In the entries below, print exactly the lines from the first through the one with "ブルゾンを合わせてマニッシュ", both included, and none of the pictures.

Material for the task
################

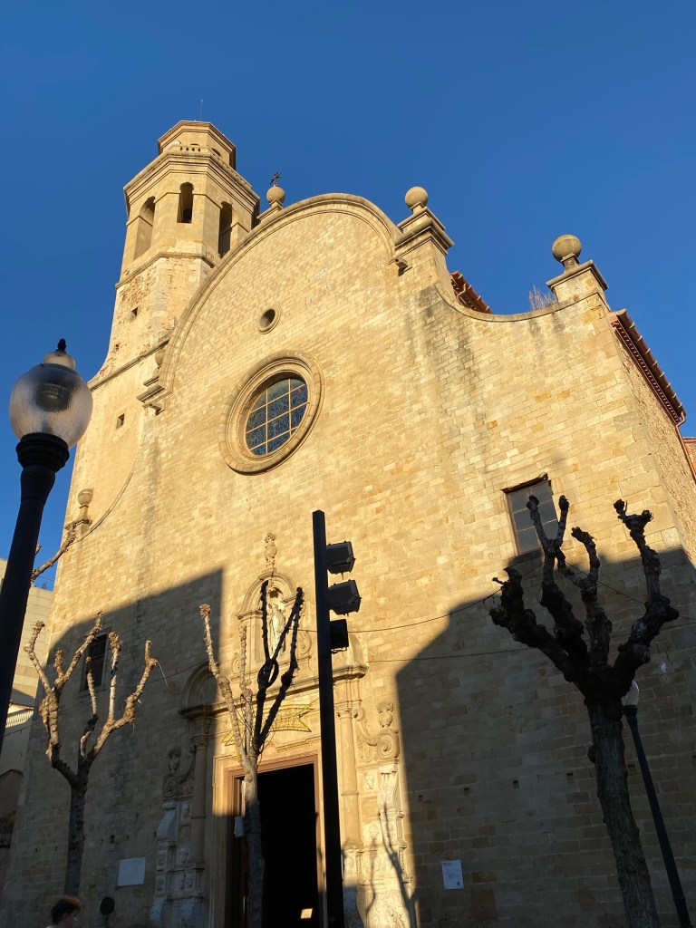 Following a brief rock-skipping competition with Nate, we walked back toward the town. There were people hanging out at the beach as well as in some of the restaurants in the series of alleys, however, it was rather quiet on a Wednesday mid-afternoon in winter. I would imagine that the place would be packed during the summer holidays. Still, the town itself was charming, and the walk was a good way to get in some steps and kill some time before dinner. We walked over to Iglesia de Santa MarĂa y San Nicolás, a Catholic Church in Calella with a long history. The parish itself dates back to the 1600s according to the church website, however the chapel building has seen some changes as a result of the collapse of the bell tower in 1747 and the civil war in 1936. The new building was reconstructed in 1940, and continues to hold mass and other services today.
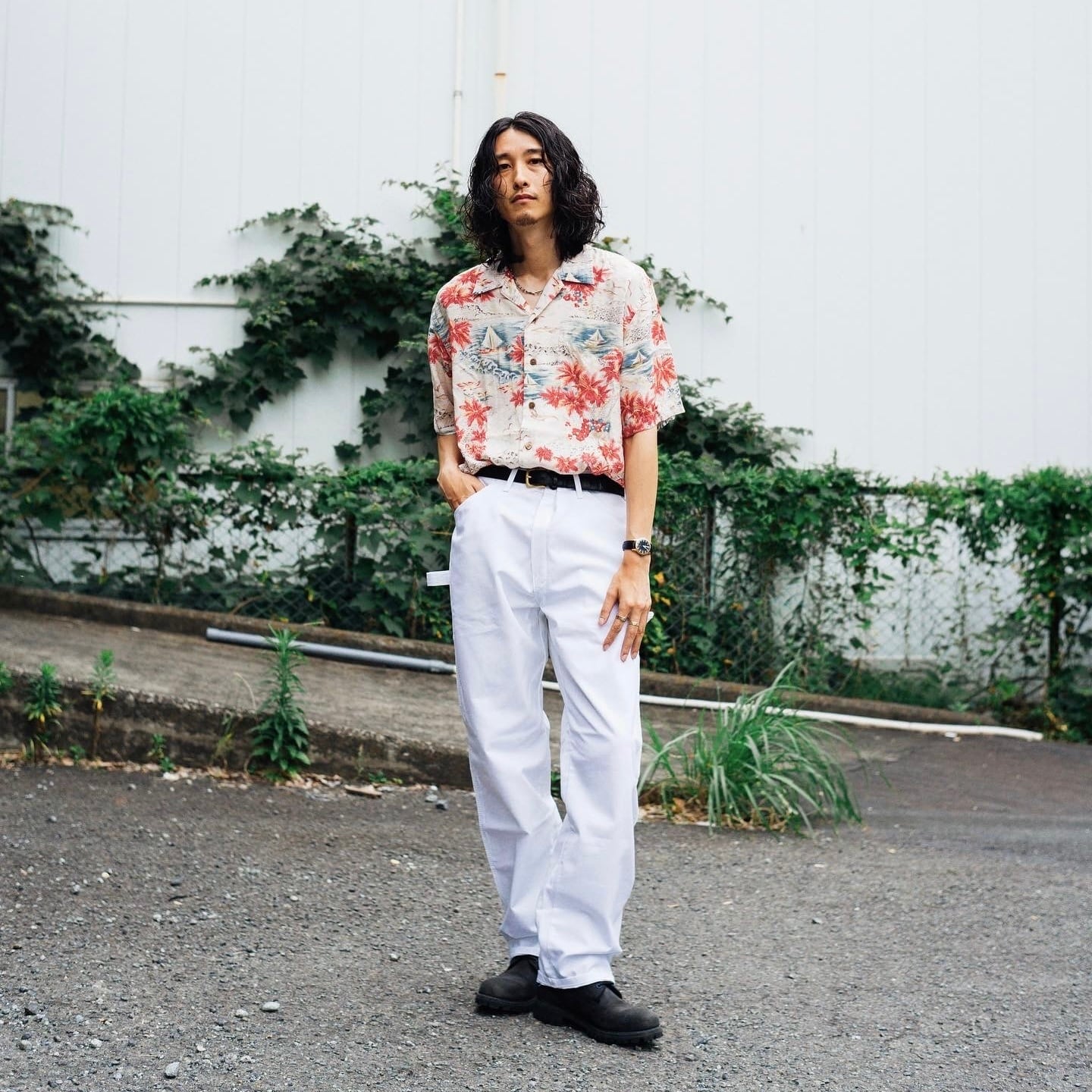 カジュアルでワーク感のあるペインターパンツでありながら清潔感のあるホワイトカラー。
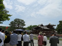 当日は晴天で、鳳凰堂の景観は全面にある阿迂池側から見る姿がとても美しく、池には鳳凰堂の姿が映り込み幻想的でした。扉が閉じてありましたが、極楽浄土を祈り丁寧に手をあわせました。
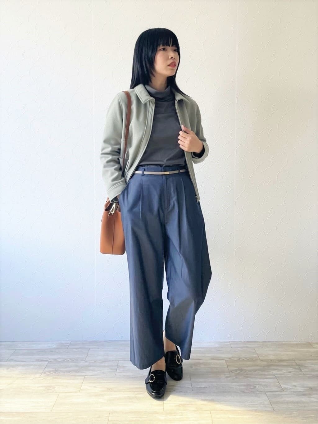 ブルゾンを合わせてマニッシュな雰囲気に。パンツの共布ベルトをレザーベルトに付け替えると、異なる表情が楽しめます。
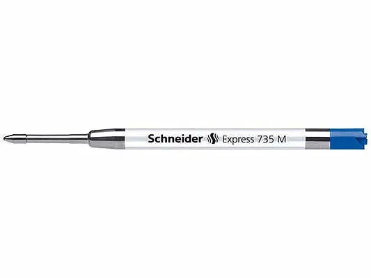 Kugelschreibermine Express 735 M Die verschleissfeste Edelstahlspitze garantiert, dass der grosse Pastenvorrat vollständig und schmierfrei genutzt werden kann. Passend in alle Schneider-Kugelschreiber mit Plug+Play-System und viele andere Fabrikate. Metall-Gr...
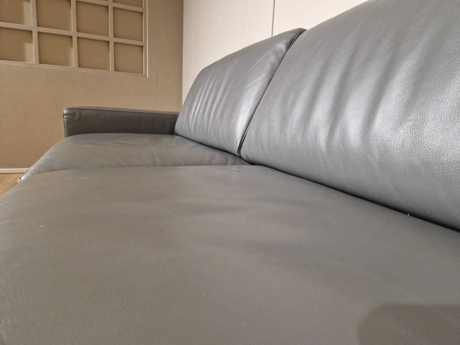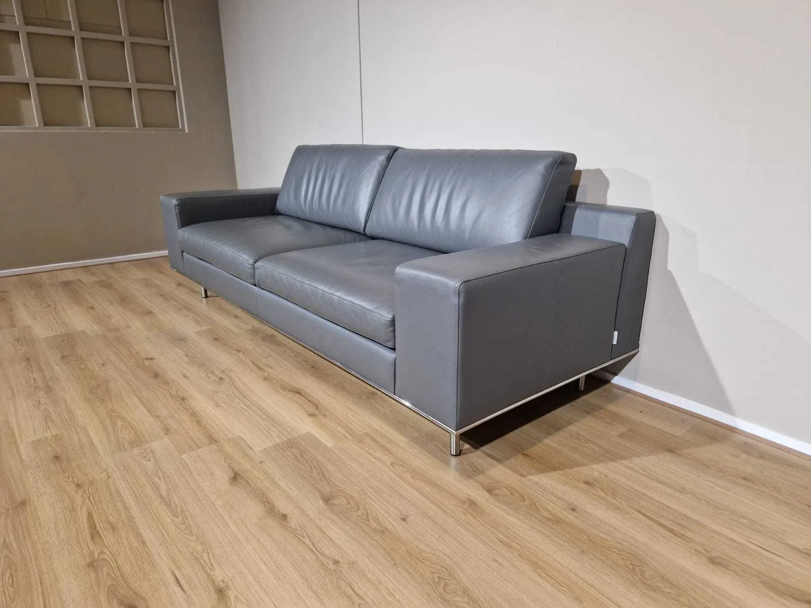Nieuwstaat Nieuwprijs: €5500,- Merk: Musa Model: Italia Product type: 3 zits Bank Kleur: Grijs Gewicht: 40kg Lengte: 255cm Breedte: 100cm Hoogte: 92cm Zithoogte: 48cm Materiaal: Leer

################

Result
 Following a brief rock-skipping competition with Nate, we walked back toward the town. There were people hanging out at the beach as well as in some of the restaurants in the series of alleys, however, it was rather quiet on a Wednesday mid-afternoon in winter. I would imagine that the place would be packed during the summer holidays. Still, the town itself was charming, and the walk was a good way to get in some steps and kill some time before dinner. We walked over to Iglesia de Santa MarĂa y San Nicolás, a Catholic Church in Calella with a long history. The parish itself dates back to the 1600s according to the church website, however the chapel building has seen some changes as a result of the collapse of the bell tower in 1747 and the civil war in 1936. The new building was reconstructed in 1940, and continues to hold mass and other services today.
 カジュアルでワーク感のあるペインターパンツでありながら清潔感のあるホワイトカラー。
 当日は晴天で、鳳凰堂の景観は全面にある阿迂池側から見る姿がとても美しく、池には鳳凰堂の姿が映り込み幻想的でした。扉が閉じてありましたが、極楽浄土を祈り丁寧に手をあわせました。
 ブルゾンを合わせてマニッシュな雰囲気に。パンツの共布ベルトをレザーベルトに付け替えると、異なる表情が楽しめます。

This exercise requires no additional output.